A Game of Three Hands Read online
A Game of Three Hands
By
Tim Stead
The Fourth Age of Shanakan
Book 4
© Tim Stead 2018
All rights reserved.
No part of this book may be reproduced in any written, electronic, recording, or photocopying form without written permission of the author.
Author’s Note
Yet again I would like to thank all those who helped to make this book happen, all the patient readers whose comments, praise and criticism made this better than it otherwise might have been.
You can find more about me and my work at
http://www.timstead.info
Also by Tim Stead
The Sparrow and the Wolf
The Seventh Friend
The Bloodstained God
The Pity Stone
The Beggar’s Ride
Serpentine
The Fourth Age of Shanakan
Shanakan
The Lawkeeper of Samara
Scar Felice
1 Jerohal
The ship eased towards the dock with apologetic slowness. She had no right to be here, and her master knew as much. All of Cabarissa was forbidden to men and Jerohal, its capital city, doubly so.

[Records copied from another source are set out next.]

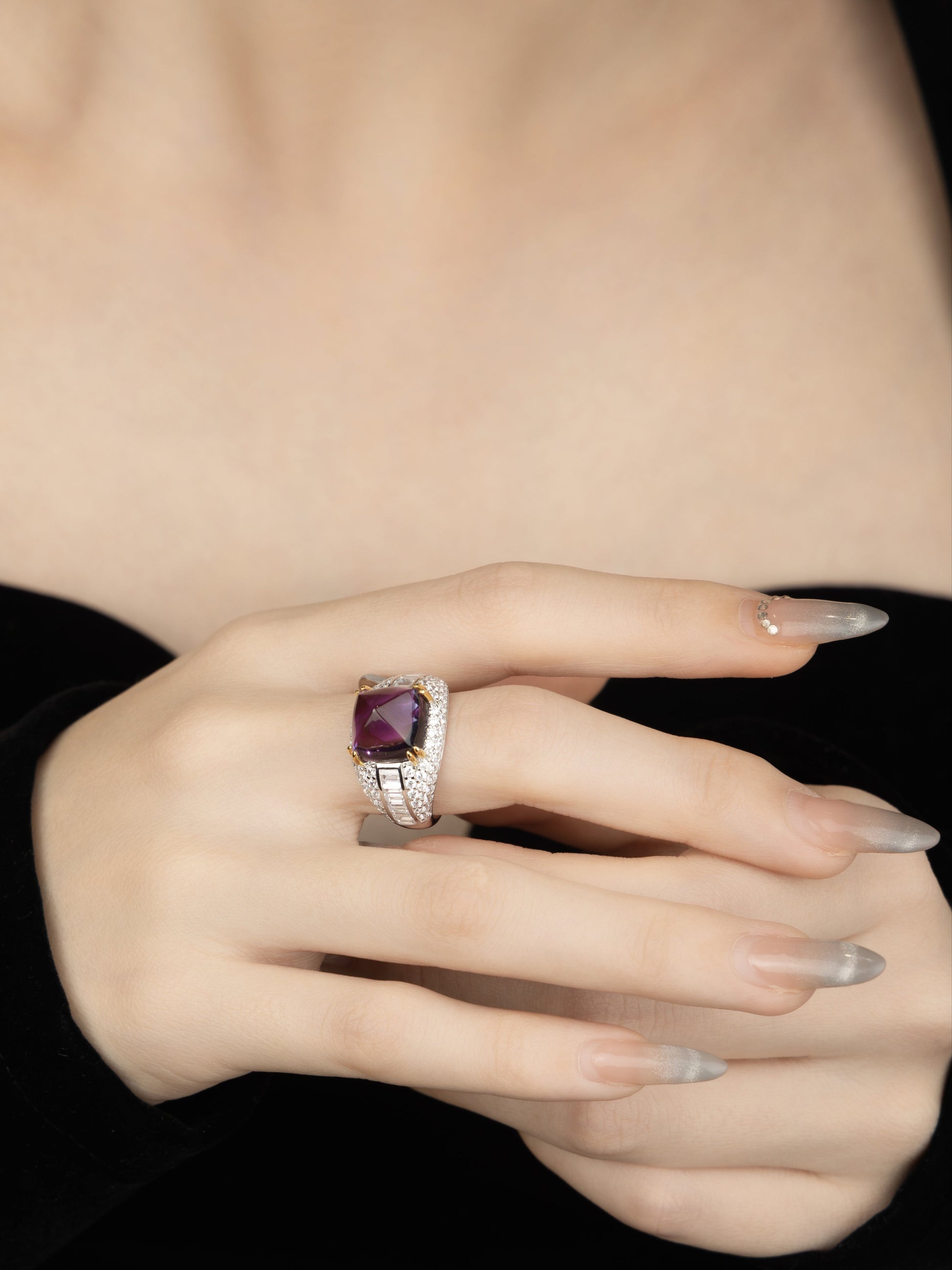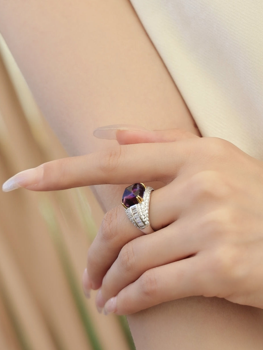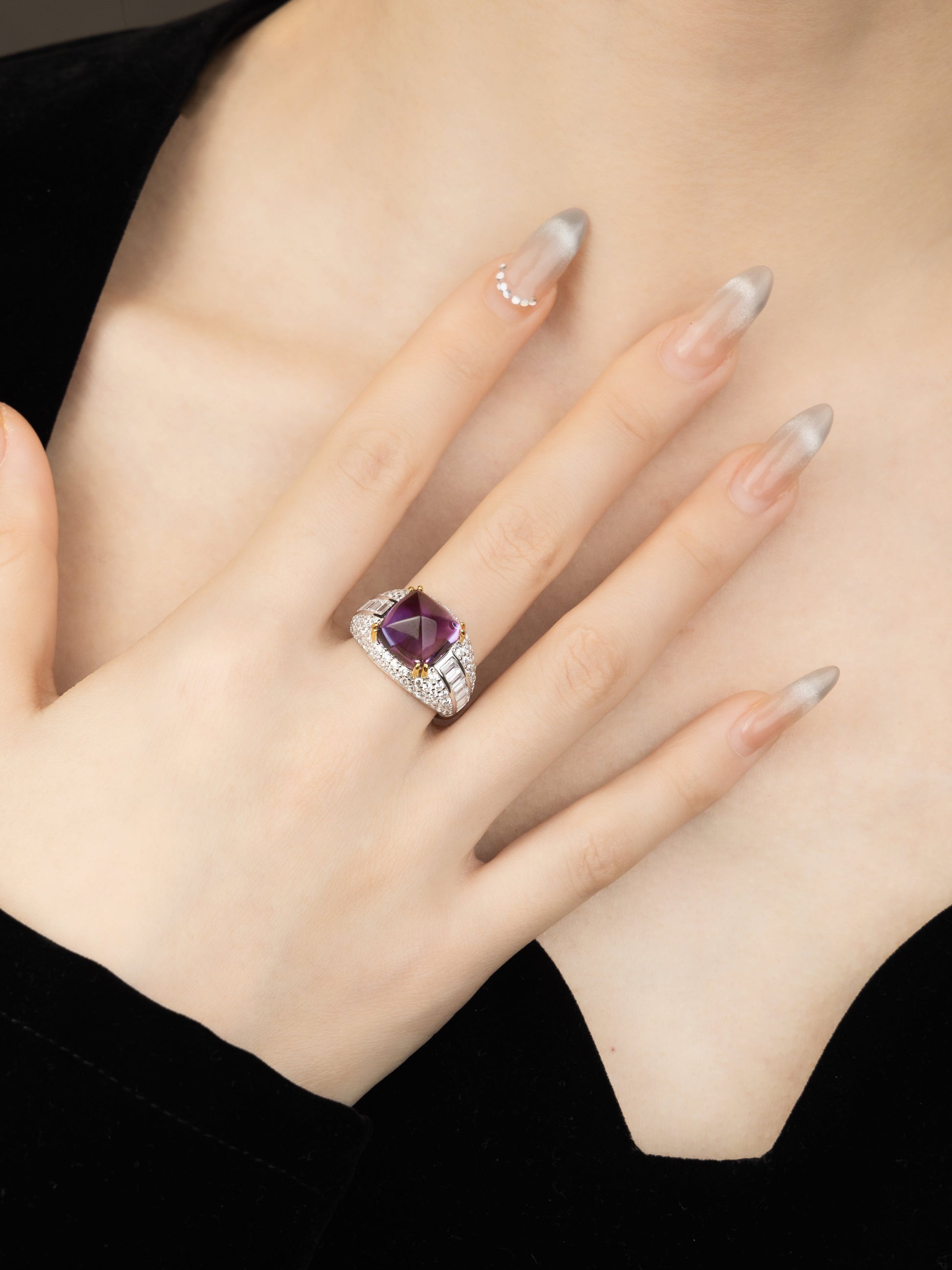 The Aristocrat, a ring that exudes sophistication and grace. Featuring a regal natural amethyst, its deep purple hue symbolizes wisdom, clarity, and a connection to the divine. Known as the ‘stone of serenity,’ amethyst is believed to bring calm, balance, and a touch of royal charm to its wearer. Set in polished sterling silver (S925), this ring is a masterpiece of understated luxury, designed for those who appreciate the finer things in life.
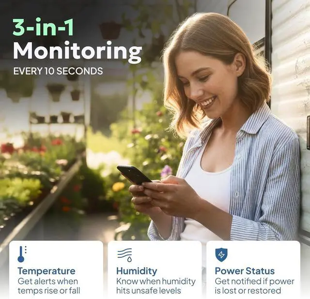 Intuitive Mobile App & Easy Setup - Our user-friendly mobile app gives you remote access to your sensor from anywhere. Use your smartphone or PC to customize alert thresholds, view past readings, and manage device settings with ease. The sensor takes minutes to install and requires no technical expertise. Simply activate the device through the app and plug it into any standard wall outlet.
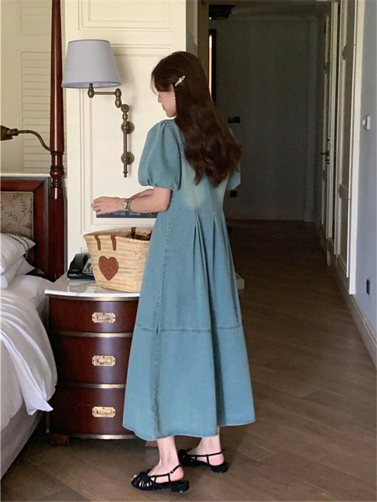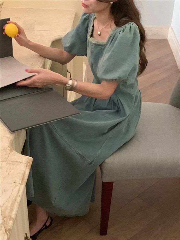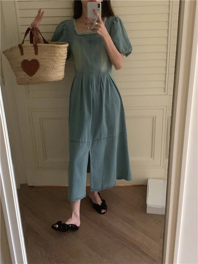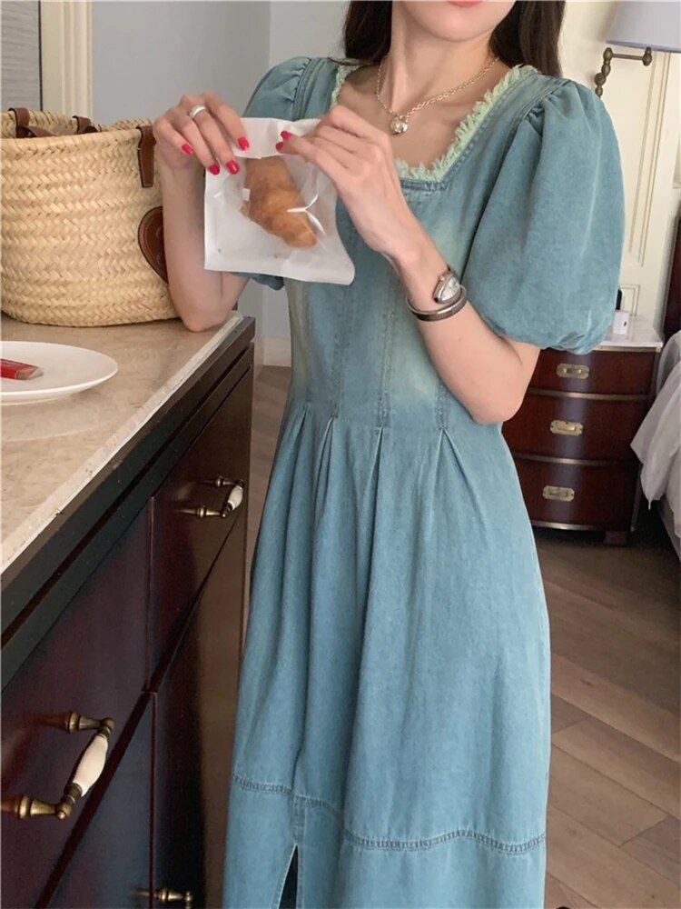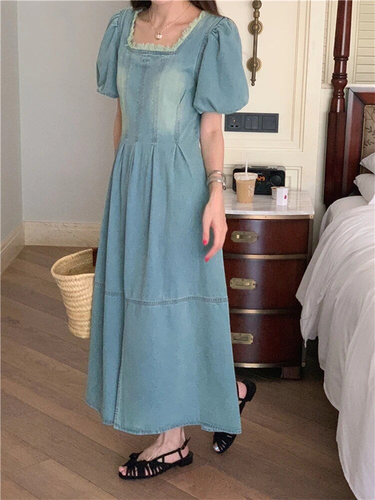 Step into the season with our High-Waist Denim Dress that perfectly marries vintage charm with modern fashion sensibilities. Designed to flatter with a nod to classic Korean fashion, this dress is a must-have for those who covet a look that’s both elegant and comfortable. Its raw edge and square collar accentuate your neckline, while the empire waist gives the illusion of length, making it a dress that’s ideal for any spring or summer occasion.

There was a precedent, however. Some Pekkish merchantmen had managed to dock and trade without loss of life, but it was a delicate balance, especially since a group of Darnese ships had attempted an invasion of the island, with catastrophic results, some three years earlier, and this was a Darnese ship.
The master, a swarthy, stocky man of some fifty years who bore the name Kent Silman, heeded the advice he’d been given – as few on deck as possible, don’t set foot on shore or dock, be polite as though your life depended upon it, because it did.

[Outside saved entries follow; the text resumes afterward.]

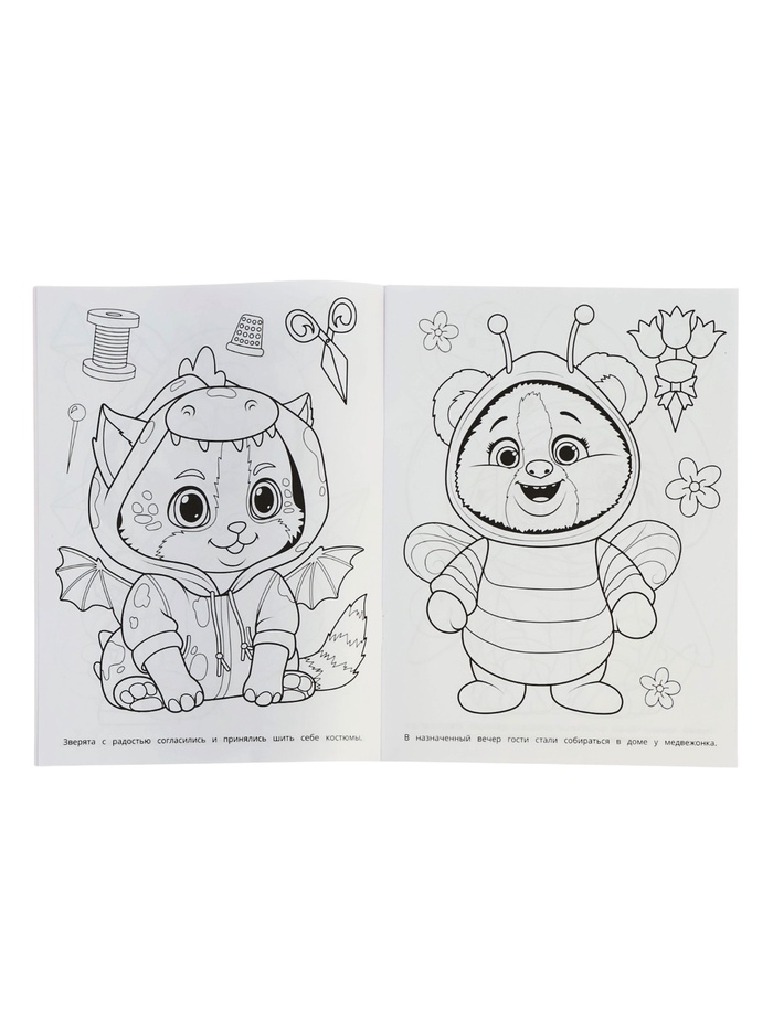 Крупные контуры и дружелюбные сюжеты позволяют ребёнку раскрашивать без спешки и стресса. А ещё — придумывать, о чём шепчутся герои, какие истории они рассказывают друг другу и что готовят на ужин. Так творчество становится частью игры.
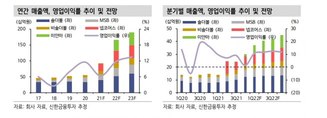-2022년 본업 예상 매출액은 857억 원 영업이익은 151억 원으로 추정
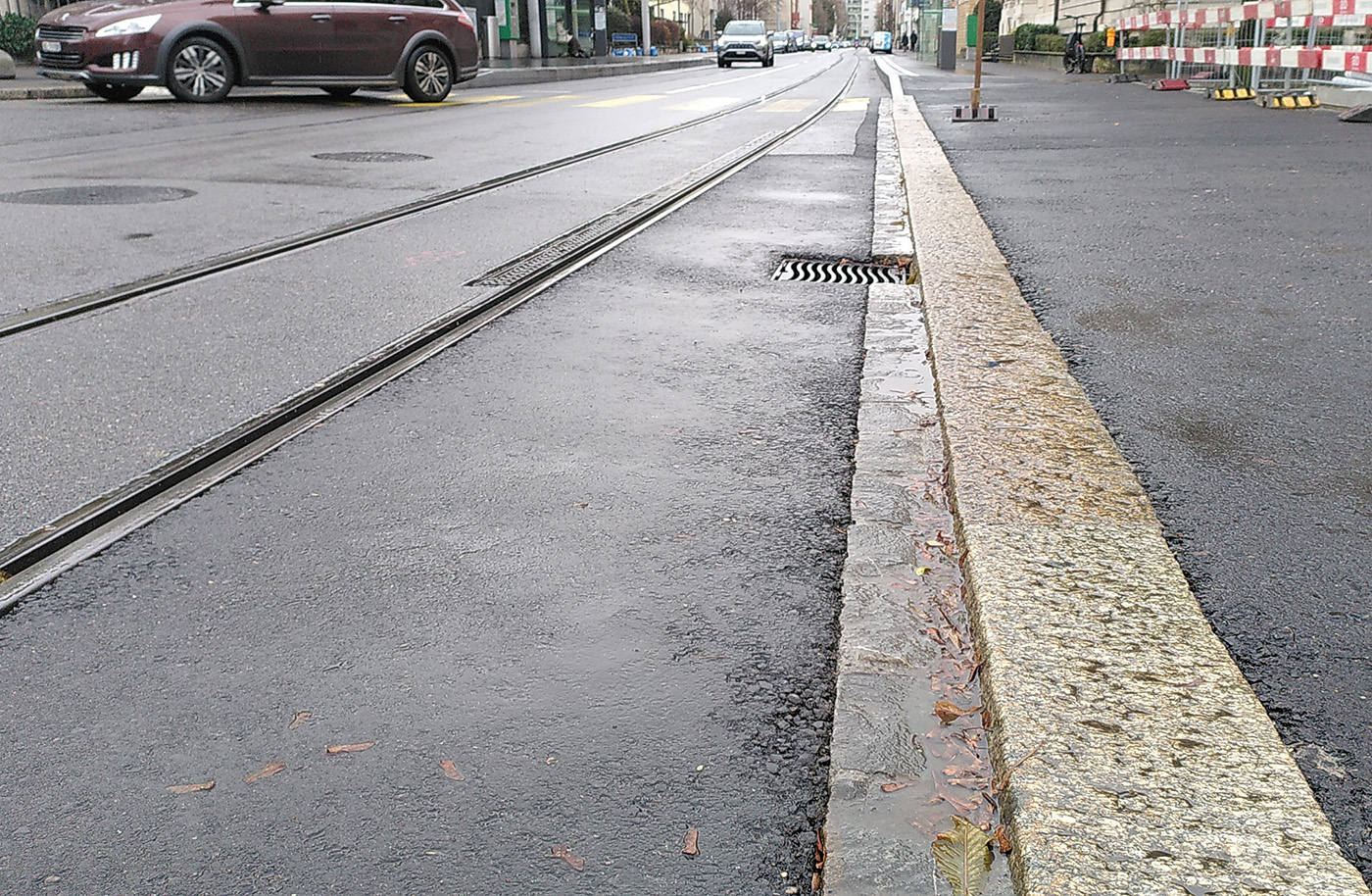 Das ASTRA hat sich dem Thema leider viel zu wenig angenommen, obwohl sich die zusätzliche Anstrengung im Umgang mit den behin.G.konf. Haltestellen oder dem Mikroklima überall dieselben sind. Das Amt für Strassen hält 2021 in einer dem Thema verwandten Studie 'Entflechtung der Veloführung in Kreuzungen' von 2022 lediglich fest: Insbesondere in Städten mit Tramverkehr sind Gleise eine grosse Herausforderung. Entsprechende Massnahmen und Richtlinien werden von den Behörden selber erarbeitet und hier nicht abgebildet. Bei verschiedenen Versuchen mit Gummiprofilen in den Schienenrillen konnten bis zur Drucklegung des Handbuchs keine praxistauglichen Lösungen gefunden werden. Quelle: astra.admin.ch

He had men fore and aft with ropes looped and ready for the bollards on the pier and four more poling the ship across the shallow harbour. As the ship crept towards the dock he could see one of them, one of the Shannish warriors, standing there, watching.

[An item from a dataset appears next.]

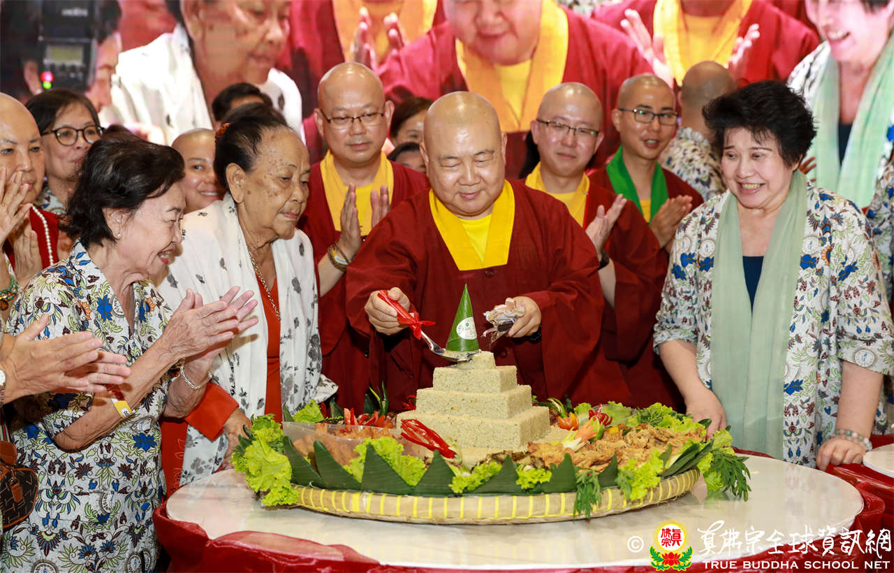 印尼雷藏寺的理事們都穿著統一的峇澤上衣,許多上了年紀的老菩薩今日都特別出席了印尼雷藏寺三十週年慶,有些還是坐著輪椅,或拄著拐杖來的,多年不見的老友在此重見,令人分外感動。

Silman had no idea how these creatures were related to the Shan, but did not doubt some magic was involved. He’d never heard of them when the Faer Karan ruled, only after their fall, and that meant Serhan had something to do with it. He resisted the urge to spit at the Mage Lord’s name. The thing on the dock might take offence. That would be bad. Just one of them could rip his vessel to pieces and slaughter his crew.
As they drew alongside the dock he examined the creature. It was half as tall again as a man, armoured with scales, adorned with a long, thick mane that fell most of the way down its back, and possessed of the most wicked claws he had ever seen. It reminded him of the Faer Karan themselves. It was just the sort of form a Faer Karani would have chosen to terrify men.
It watched him in silence.
His men threw ropes around bollards fore and aft, tightened them and then vanished below decks. He would gladly have followed them, but he was being paid for this, and well paid at that.
“Honourable Kastan Delor,” he called. “Will you hear me?”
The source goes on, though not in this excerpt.